Но Надя сразу заволновалась, попыталась подняться, упала обратно на кушетку и вдруг заплакала.

– Не могу я в больницу, – сказала Надя. – Не могу.

– Ну чего ты выдумываешь? – подсела к ней на краешек Ольга Дмитриевна. – Ну, какая больница? Не будем никого вызывать, отлежишься.

Когда пришла Медпункт, представительная, располагающая, вся в халате, Надя все еще плакала, а Приходько уговаривала ее, как маленькую. И держала за руку, как Женьку тогда в машине.

– Что тут у вас? – строго спросила Медпункт, вид у нее был такой, словно ее по пустякам оторвали от дела. А когда за ней прибежали, она всего-то чай пила с санитаркой.

Лиза-с-Перевалки, как первый очевидец, начала объяснять:

– Я обернулась случайно, а она раз, раз…

– Понятно, – сказала Медпункт. Она сделала Наде какой-то укол, заставила ее сесть – Женька придержала Надю за спину – и измерила давление. Покачала головой и веско сказала мастеру, не обращая больше на Надю внимания:

– Надо ее с пресса переводить.

– Не пойду, – прошептала Надя. – На щипке-то и семьдесят заработаю ли сейчас…

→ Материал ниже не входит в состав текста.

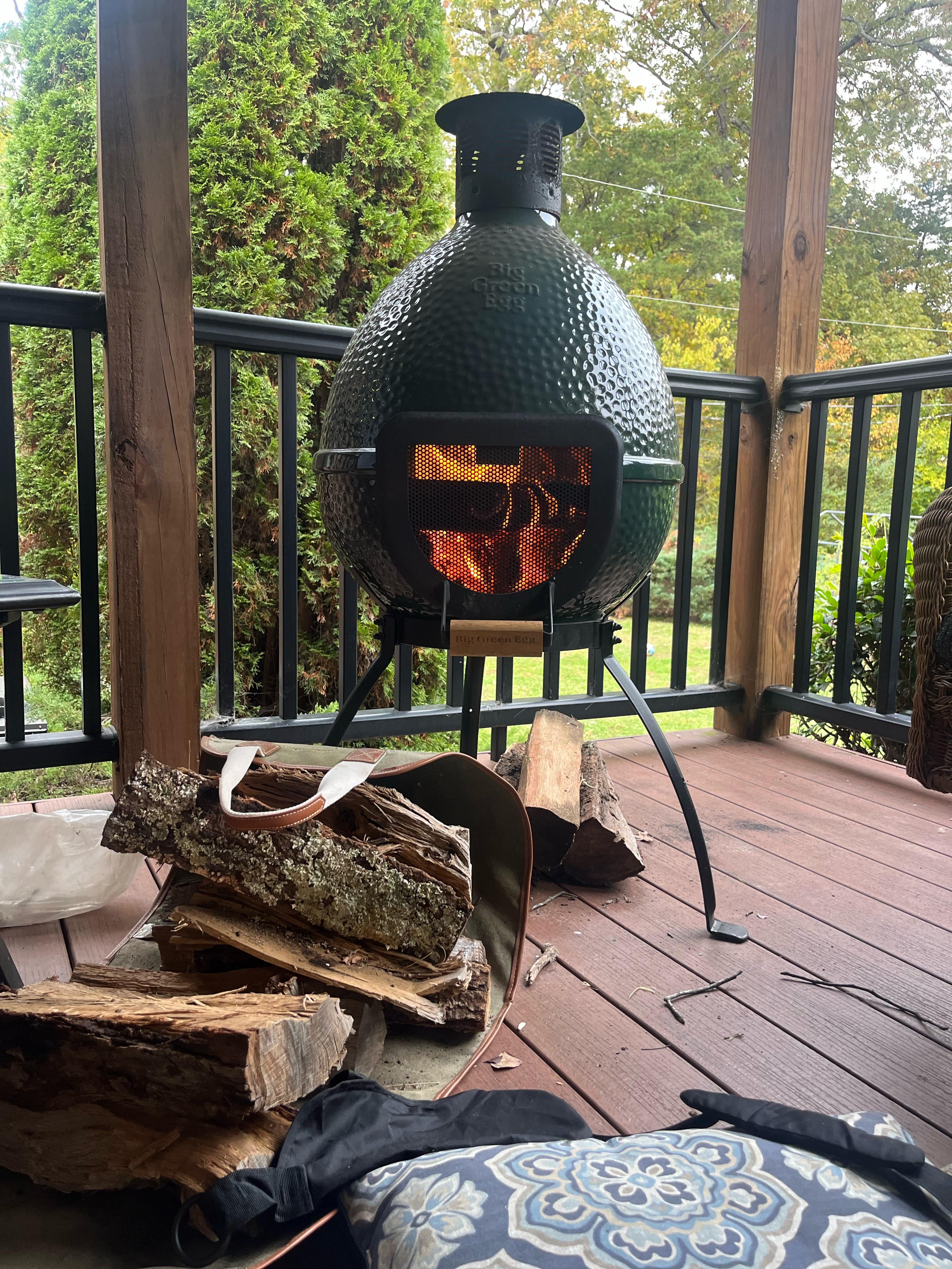 2nd season with this bad boy. Love this thing. It does put out some heat after about 30 minutes it radiates heat all around it. But it’s also nice early in the season for just the ambiance of a live fire.

– Переведут без потери в зарплате, – сказала Медпункт. – А на прессе вовсе без рук останешься. Лучше?

– А никак не выходит, чтоб профзаболевание? – с надеждой спросила Приходько. Сейчас Надю можно было перевести только в общем порядке – где возьмут, как справится и сколько сама заработает. А при «проф» обязаны были бы устроить на работу полегче, но с тем же заработком.

– Это не профзаболевание, – веско сказала Медпункт. – Я могу в городскую больницу направить, на обследование.

– Не надо, – сказала Надя. – Я завтра уже встану.

– Как хотите, – сказала Медпункт Приходько, игнорируя Надю совсем. – Не советую ее оставлять в цеху. Это вам потенциальный несчастный случай, предупреждаю.

– А что же делать-то? – сказала Ольга Дмитриевна. – Ведь у нее дети. Трое.

– Не одна же она их кормит, – сказала Медпункт. – Пускай мужа на фабком вызовут, поговорим.

– Он другую неделю ушодши, – вдруг сказала Надя, она больше не плакала и лежала с белым, отрешенным лицом. – К женщине с ребенком ушел, к разведенке, пьют, поди, вместе. Вчера и пальто забрал…

– Тогда не знаю, – сказала Медпункт, обращаясь по-прежнему только к Приходько. – Пускай хоть подписку даст, что на собственную ответственность.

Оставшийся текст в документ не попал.